Patientenwohl im Mittelpunkt
Es kommt nicht von ungefähr, dass der Deutsche Ethikrat, der SVR Gesundheit und auch die DGIV vor gar nicht langer Zeit die so banal klingende Wahrheit, dass das Patientenwohl (und nichts und niemand anderes) im Mittelpunkt der gesundheitlichen Versorgung stehen muss, wieder in den Blickpunkt des öffentlichen Interesses gerückt haben. Auch die Mitglieder der AG müssen sich in ihrer Arbeit von dieser Grundaussage leiten lassen. Das bedeutet, dass man zunächst aufklären muss, unter welchen Versorgungsverhältnissen die besten Effekte zur Verbesserung von Effizienz und Effektivität der Versorgung erreicht werden. Danach müssen Instrumente und Wege formuliert werden, wie man diese Verhältnisse erreichen kann. Liest man sich die bisherigen Gedanken aus dem in der Öffentlichkeit bekannt gewordenen, aber dennoch nicht offiziellen Entwurf eines Eckpunktepapiers (veröffentlicht in: Dienst für Gesellschaftspolitik, 30. Mai 2019, S. 5–10) durch, wird man den Eindruck nicht los, dass sich auch die Arbeitsgruppe wieder nur von dem leiten lässt, was sie nach ihrer Einschätzung der aktuellen innergesundheitspolitischen Gemengelage als derzeit kurzfristig möglich erachtet. Das reicht aber nicht, bei Weitem nicht.
Derartigen Aktionismus haben wir auch schon in zurückliegenden Gesundheitsreformen erlebt, auf dem Gebiet der Integrierten Versorgung eher mit geringem Erfolg und mit Rohrkrepierern und Rückschlägen verbunden. Für das Wohl der Patientinnen und Patienten ist bei all diesen Versuchen, die Integrierte Versorgung auch in der Regelversorgung umzusetzen, in den letzten Jahren unter dem Strich zu wenig herausgekommen.

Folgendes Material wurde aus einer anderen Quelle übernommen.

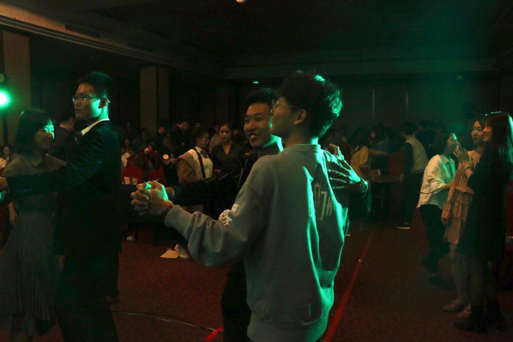 假面舞会环节,同学们带上舞会面具邀请舞伴来到舞池,一边交谈,一边迈着青涩的舞步,在舞蹈的时光里拉近彼此的距离。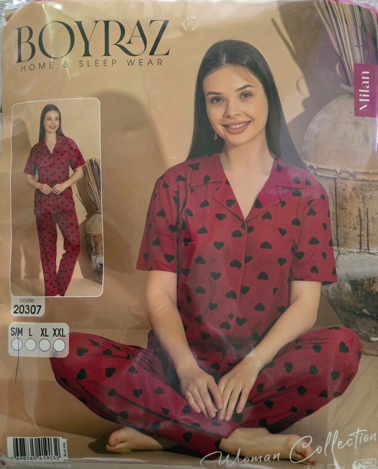 Bordo renkli, kısa kollu, bol kesim ve desenli pijama takımıdır. Midi boyda olup rahat ve çağdaş bir stil sunar. ️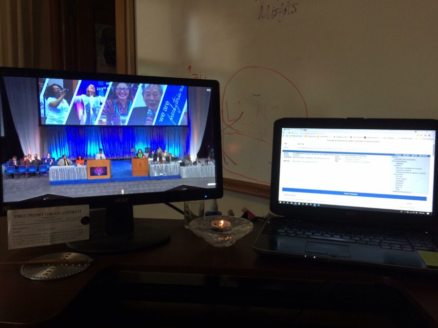 Every GA since then, I’ve spent the entire week following every moment possible from afar. I read through the overtures beforehand and flag the ones in which I have a vested interest so I can follow them more easily through the PC-Biz website. I follow #GA223, the official General Assembly accounts and my own presbytery (Presbytery of the Twin Cities Area) on Facebook, Twitter and Instagram. Whenever plenary is in session, I stream the live video feed on one screen and the PC-Biz Session Sync on the other screen so that I can follow along with what’s happening both in the discussion and in the overture wording/rationale. In the future, I look forward to opportunities to attend as an overture advocate and a commissioner. I have even been known to throw a GA watch party – complete with pizza and wine – so that some friends and I can gather and stream the live feed and PC-Biz together.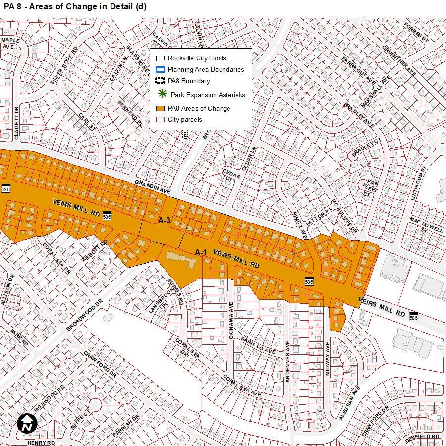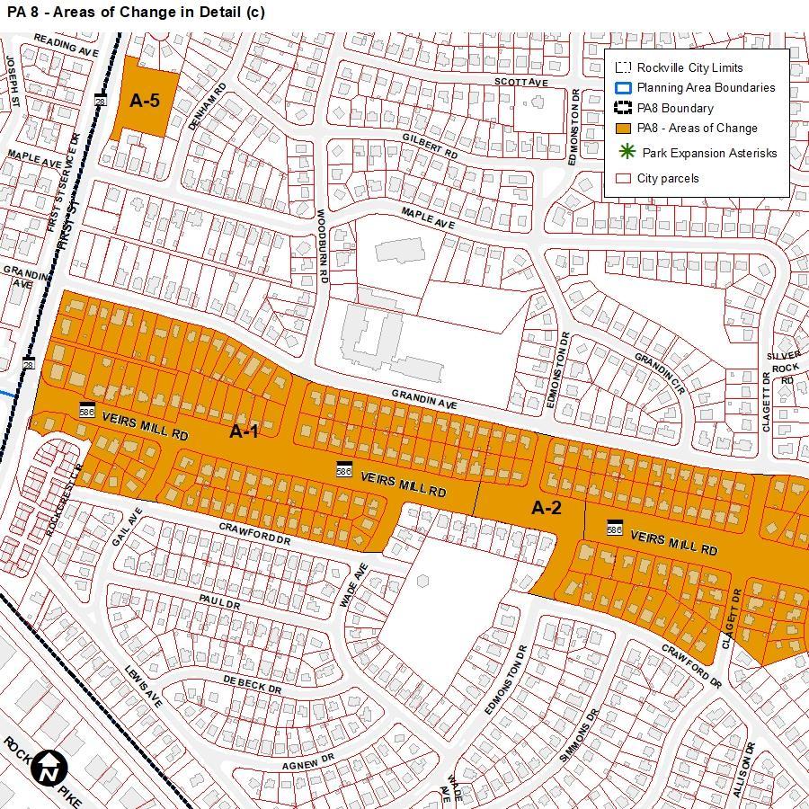 • Transitions Between Differential Scales and Uses. Maintaining appropriate transitions between both varying uses and varying scales is mentioned throughout Rockville 2040 and in almost every Planning Area. Approaches to ensuring sensitive transitions between higher density development and single detached neighborhoods, while balancing Comprehensive Plan policies regarding intense development around Metro and BRT stations, will need to be evaluated during the Calibration Module.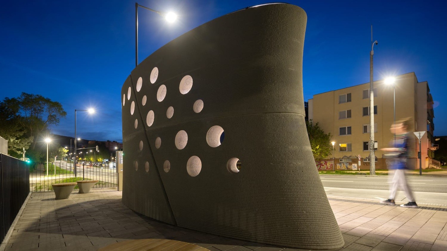 Jiří Vambera, Head of Development z ICE Industrial Services dodáva, že životnosť konštrukcie z 3D tlačeného betónu je porovnateľná s betónovými konštrukciami vytvorenými tradičnými metódami. Netreba sa preto obávať, že by moderná technológia šla na úkor kvality. Benefitom je aj menšie množstvo odpadu. „Pokiaľ by sme tvar tejto zastávky chceli realizovať konvenčnými metódami, museli by sme najskôr vyrobiť a postaviť jednorazovú formu, čo by bolo výrobne veľmi náročné a vygenerovalo by to zbytočný odpad. Vďaka 3D tlači celá táto fáza odpadla a tlačili sme priamo samotnú formu,“ dodáva Mačuda.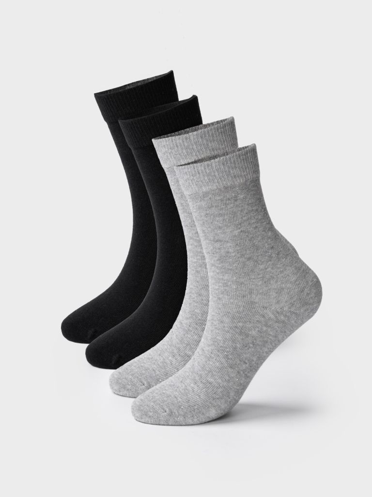 Этот комплект из 4 пар — настоящая находка для активных школьников. Универсальные цвета (тёмно-синий, серый) легко сочетаются с любой одеждой, а мягкий дышащий хлопок обеспечивает комфорт на весь день — в школе, на прогулке или в поездке.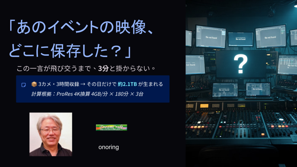 「IPで送ったあの素材、どこにある?」 この記事の対象読者:NDI・SRT・ライブ配信など映像IP伝送に関わる制作プロフェッショナル。撮影現場で「素材が見つからない」「整理されていない」「消えた」という経験を持つすべての方。 素材は「送った瞬間」か... -
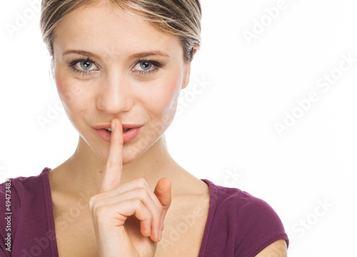 hush, hushed, shh, woman, secret, seduction, silence, mysterious, mute, muted, blond, young, beautiful, smile, smiling, finger, mouth, lip, gesture, quiet, expression, beauty, girl, face, charming, people, person, female, portrait, emotion, pretty, adult, sexy, sensual, attractive, 1, caucasian, cute, studio, isolated, white, background, model

Zumal Patientinnen und Patienten auch Bürgerinnen und Bürger sind, die neben der Inanspruchnahme der gesundheitlichen Versorgung Sozialversicherungsbeiträge und Steuern zahlen. Hoffen wir, dass es dennoch gelingen wird, die derzeitige Arbeit an den Rahmenbedingungen der sektorenübergreifenden Versorgung schnellstmöglich zu einer wegweisenden Gesundheitsreform zu führen.